Cause 5: Network policy blocking Istio sidecar or ingress gateway
Diagnosis: Check Kubernetes NetworkPolicy resources.
kubectl get networkpolicy -n <your-namespace>
Look for policies that might restrict ingress to your application pods or egress from the Istio ingress gateway.
Fix: Add or modify NetworkPolicy rules to allow traffic from the Istio ingress gateway (or the istio-ingressgateway service account) to your application pods on the correct port.
apiVersion: networking.k8s.io/v1
kind: NetworkPolicy
metadata:
name: allow-istio-ingress
namespace: <your-namespace>
spec:
podSelector:
matchLabels:
app: <your-app-label>
policyTypes:
- Ingress
ingress:
- from:
- namespaceSelector:
matchLabels:
istio: ingressgateway # Or a label that identifies your ingress gateway namespace
podSelector:
matchLabels:
app: istio-ingressgateway # Label of the ingress gateway pods
ports:
- protocol: TCP
port: 8080 # The targetPort of your application service
Why it works: Network policies enforce network segmentation. If a policy is too restrictive, it can prevent the ingress gateway (or even the sidecar proxies) from reaching your application pods, even if Istio’s configuration is otherwise correct.

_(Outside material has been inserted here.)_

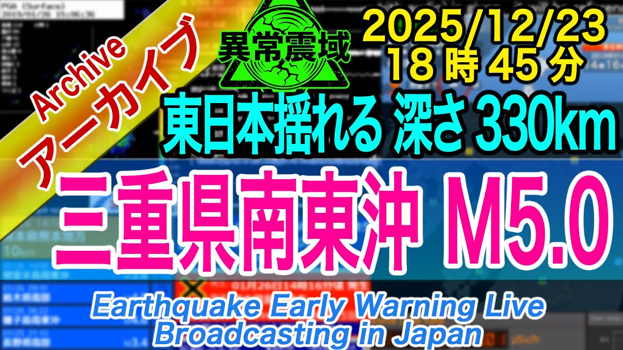 【▲異常震域】三重県南東沖 深さ 330km M5.0 2025/12/23(18:45)
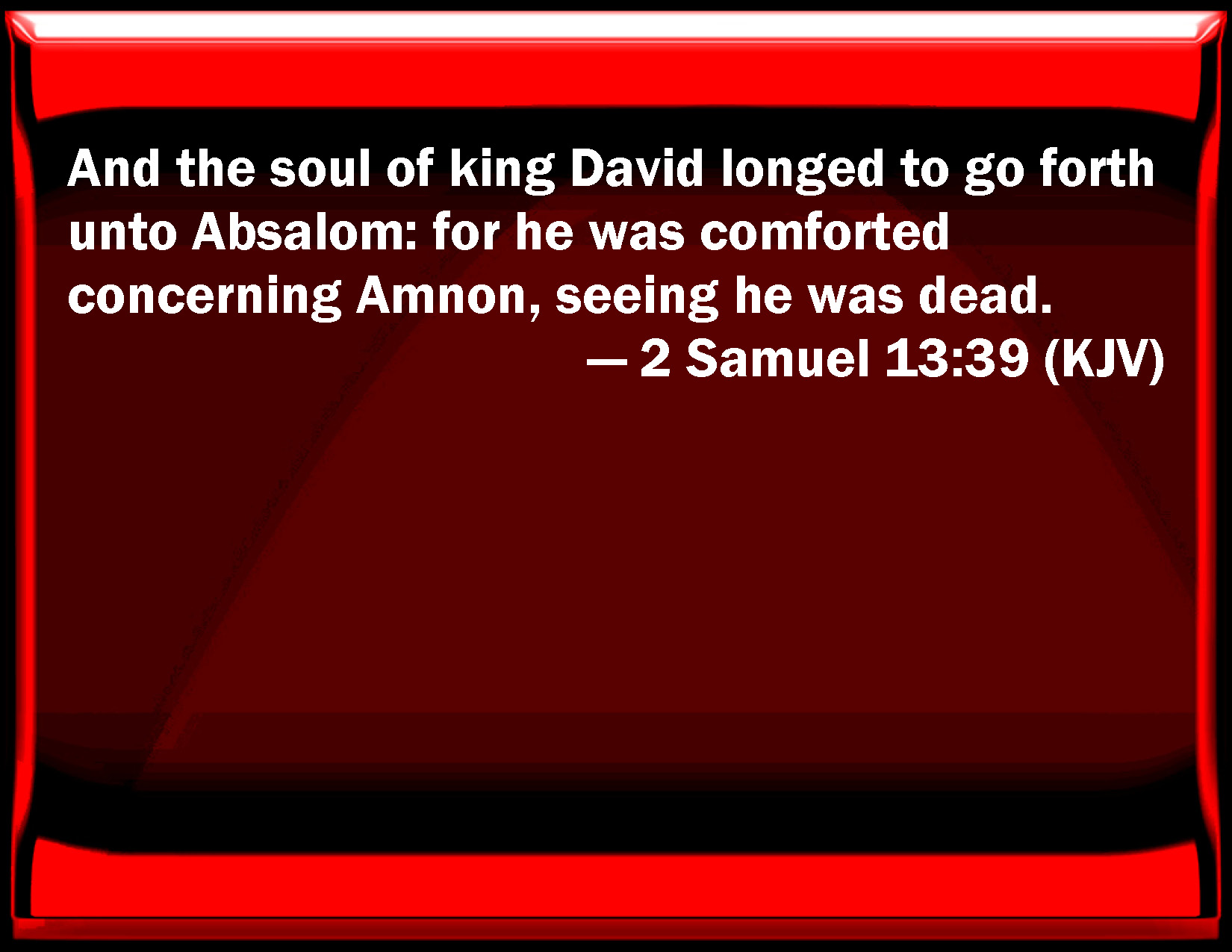 2 Samuel 13:39 And the soul of king David longed to go forth to Absalom: for he was comforted concerning Amnon, seeing he was dead.

Cause 6: Istiod health and connectivity issues
Diagnosis: Check the health of your istiod pods.
kubectl get pods -n istio-system -l app=istiod
Ensure istiod pods are Running and healthy. Also, check logs for errors.
Fix: If istiod is unhealthy, investigate the reasons. This might involve restarting the pods, checking resource allocation for istiod, or ensuring the Kubernetes API server is accessible from istiod.
Why it works: istiod is the central control plane component responsible for pushing configuration (like VirtualServices and Gateways) and service/endpoint information to the Envoy proxies in the data plane (sidecars and ingress gateway). If istiod is down or unhealthy, it cannot update the Envoy proxies, which will eventually lose their endpoint information or fail to receive new configurations.
The next error you’ll likely see is related to the VirtualService not being found if you fixed the service configuration but not the VS.